[Source data]
"""

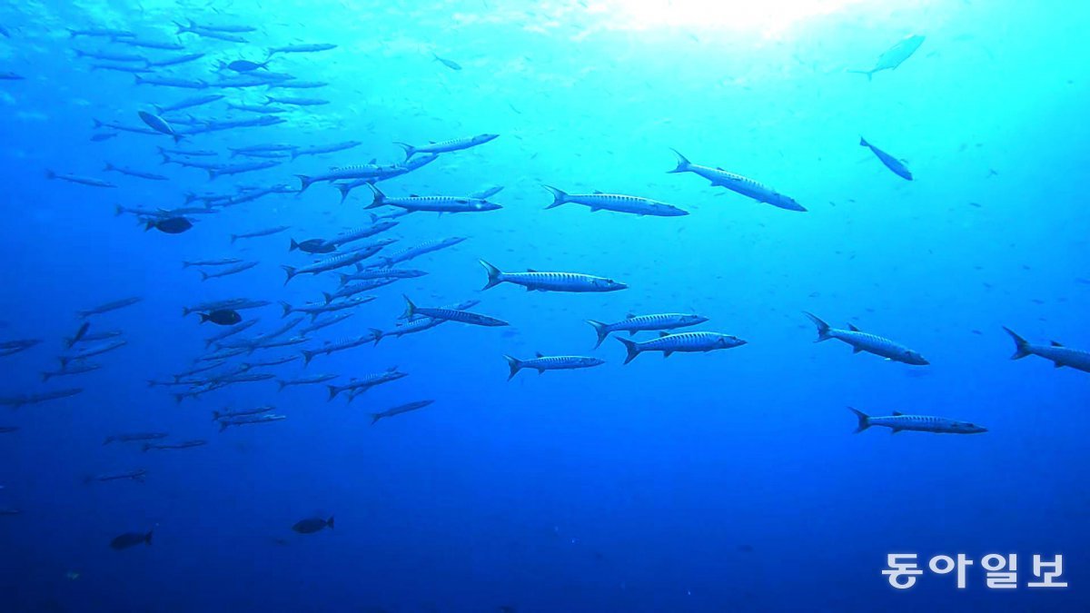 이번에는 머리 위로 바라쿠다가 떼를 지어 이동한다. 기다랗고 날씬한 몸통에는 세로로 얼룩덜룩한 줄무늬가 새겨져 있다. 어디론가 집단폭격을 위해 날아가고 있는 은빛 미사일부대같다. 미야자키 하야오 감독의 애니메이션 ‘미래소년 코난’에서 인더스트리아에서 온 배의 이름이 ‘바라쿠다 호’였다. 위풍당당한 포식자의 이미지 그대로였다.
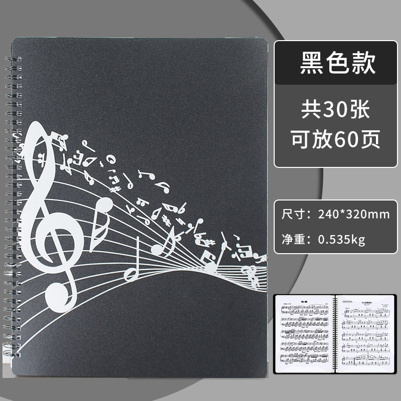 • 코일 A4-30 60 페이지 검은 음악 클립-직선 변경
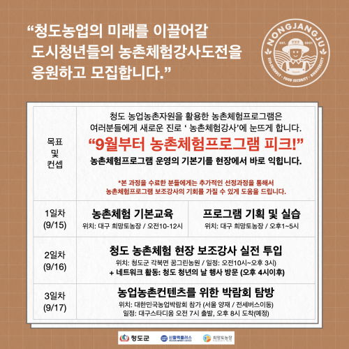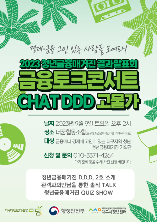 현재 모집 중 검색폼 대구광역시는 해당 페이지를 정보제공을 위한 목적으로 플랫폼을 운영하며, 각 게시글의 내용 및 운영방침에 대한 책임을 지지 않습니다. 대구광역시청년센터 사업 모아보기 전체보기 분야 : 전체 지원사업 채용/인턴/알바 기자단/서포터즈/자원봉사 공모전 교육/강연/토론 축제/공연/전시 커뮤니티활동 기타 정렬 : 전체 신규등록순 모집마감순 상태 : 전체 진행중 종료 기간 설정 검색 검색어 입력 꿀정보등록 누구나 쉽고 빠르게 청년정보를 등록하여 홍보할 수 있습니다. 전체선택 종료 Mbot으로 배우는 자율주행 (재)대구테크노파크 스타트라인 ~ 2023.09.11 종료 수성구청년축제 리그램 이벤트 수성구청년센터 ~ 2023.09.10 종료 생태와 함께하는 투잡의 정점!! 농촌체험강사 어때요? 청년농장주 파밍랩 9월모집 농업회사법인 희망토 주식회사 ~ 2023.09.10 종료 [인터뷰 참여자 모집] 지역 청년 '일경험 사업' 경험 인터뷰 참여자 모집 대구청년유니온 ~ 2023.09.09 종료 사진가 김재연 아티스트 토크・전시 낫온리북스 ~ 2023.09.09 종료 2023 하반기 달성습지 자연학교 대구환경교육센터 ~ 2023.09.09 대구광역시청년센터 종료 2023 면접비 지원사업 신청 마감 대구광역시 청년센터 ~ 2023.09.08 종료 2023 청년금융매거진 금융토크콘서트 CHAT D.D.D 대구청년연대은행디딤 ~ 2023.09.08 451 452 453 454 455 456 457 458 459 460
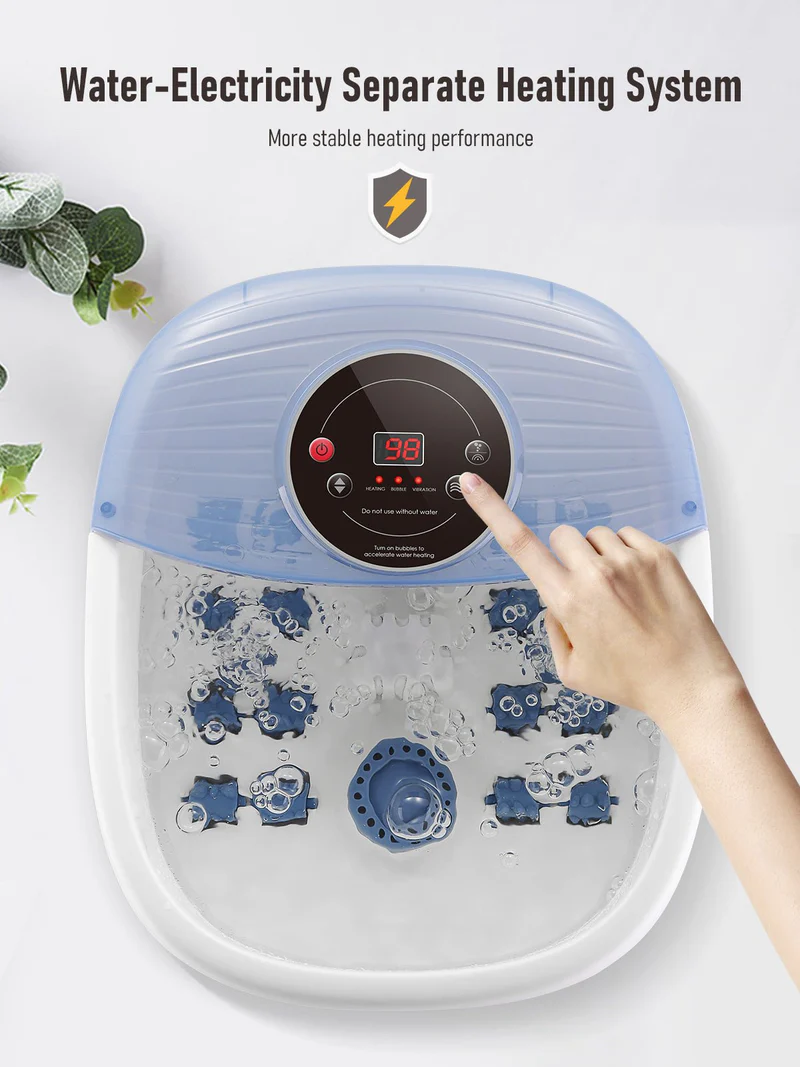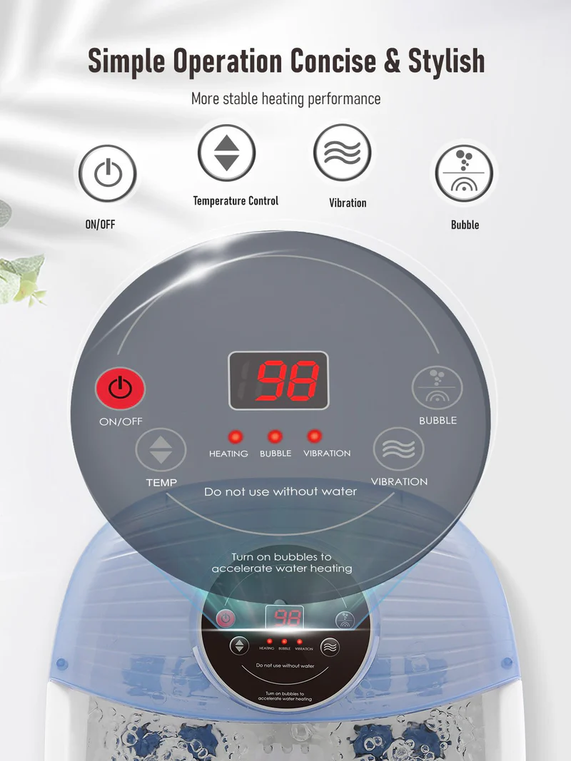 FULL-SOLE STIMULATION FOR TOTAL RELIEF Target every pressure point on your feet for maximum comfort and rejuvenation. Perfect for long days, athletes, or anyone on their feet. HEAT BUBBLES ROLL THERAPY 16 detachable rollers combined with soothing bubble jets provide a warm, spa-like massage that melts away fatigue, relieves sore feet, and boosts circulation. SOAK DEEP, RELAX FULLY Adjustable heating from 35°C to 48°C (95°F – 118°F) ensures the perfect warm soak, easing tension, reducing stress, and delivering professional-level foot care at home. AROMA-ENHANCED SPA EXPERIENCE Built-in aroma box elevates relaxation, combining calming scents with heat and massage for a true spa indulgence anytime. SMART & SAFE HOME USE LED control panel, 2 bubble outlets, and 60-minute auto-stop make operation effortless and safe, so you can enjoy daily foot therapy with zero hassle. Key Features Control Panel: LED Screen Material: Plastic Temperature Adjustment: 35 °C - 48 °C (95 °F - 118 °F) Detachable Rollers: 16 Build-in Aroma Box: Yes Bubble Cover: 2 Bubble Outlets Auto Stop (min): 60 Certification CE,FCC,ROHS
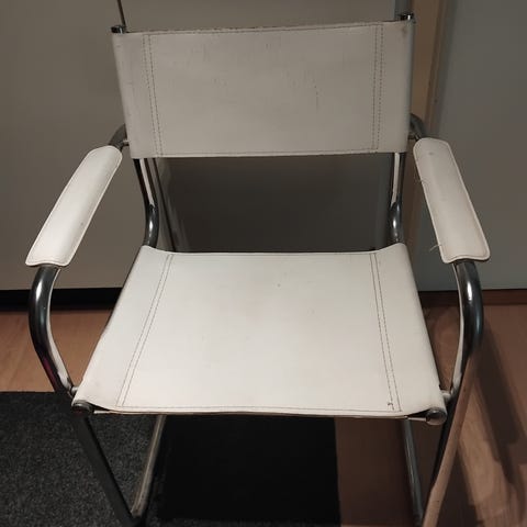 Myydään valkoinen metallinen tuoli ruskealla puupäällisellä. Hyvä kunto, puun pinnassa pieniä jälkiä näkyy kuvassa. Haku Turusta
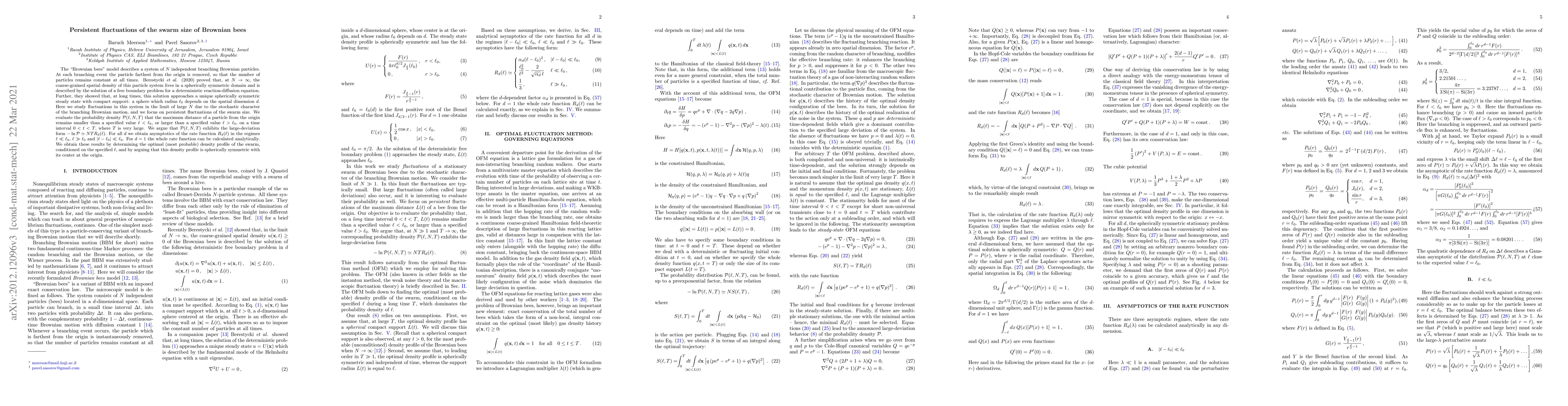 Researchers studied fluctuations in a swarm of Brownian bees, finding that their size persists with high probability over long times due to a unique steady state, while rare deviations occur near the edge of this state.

"""

Problem requirements: From the line containing "Myydään valkoinen metallinen" down to the last line of the entries above, set down every line exactly. Omit all pictures.

The completed task:
 Myydään valkoinen metallinen tuoli ruskealla puupäällisellä. Hyvä kunto, puun pinnassa pieniä jälkiä näkyy kuvassa. Haku Turusta
 Researchers studied fluctuations in a swarm of Brownian bees, finding that their size persists with high probability over long times due to a unique steady state, while rare deviations occur near the edge of this state.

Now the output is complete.